Stinzenplanten geven vroeg in het voorjaar kleur, maar zijn vooral belangrijk als nectar- en stuifmeelbron voor wilde bijen en hommels die in het voorjaar weer uitvliegen. Let op uw voorjaarswandeling door Belmonte eens op deze ‘stoffering’ van kleurige wilde bloemen in de oude bosvakken met beuken, eiken en hulst.

Grote kleurvlakken

In het Belmonte Arboretum kom je verschillende stinzenplanten tegen. Niet te missen is de Spaanse hyacint (Hyacinthoides hispanica). Deze is paarsblauw, wit of soms roze.  De plant is afkomstig uit Portugal en Spanje en doet het hier geweldig goed. Spaanse hyacinten zijn 35 – 40 cm hoog, bloeien in mei en zijn in trek bij hommels, wilde bijen, zweefvliegen en kevers.

Daslook (Allium ursinum) komt van nature in Zuid-Limburg voor. Het plantje heeft prachtige, witte stervormige bloemetjes die in een scherm bij elkaar staan. De plant vormt veel zaad, verspreidt zich makkelijk en geurt sterk naar ui. Tegen de zomer sterft de plant bovengronds af.

Sneeuwroem (Chionodoxa forbesii) is afkomstig uit Turkije en kan daar bloeien als de bodem nog met sneeuw bedekt is. De bloemen zijn meestal blauw, maar kunnen ook wit of roze zijn. De bloemen kijken omhoog. Het is net alsof ze je aankijken.

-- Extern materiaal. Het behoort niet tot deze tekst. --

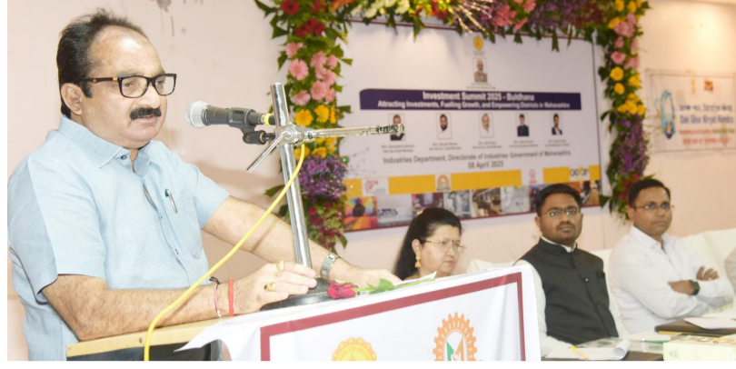
दैनिक आपला विदर्भ

De bosanemoon (Anemone nemorosa) bloeit vanaf maart en heeft bloemen zo wit als sneeuw. Ondergronds heeft de plant wortelstokken, in de zomer sterft de plant af. Het plantje komt in heel West en Midden-Europa voor. In Nederland vind je de bosanemoon vooral in Zuid-Limburg en op de hogere zandgronden.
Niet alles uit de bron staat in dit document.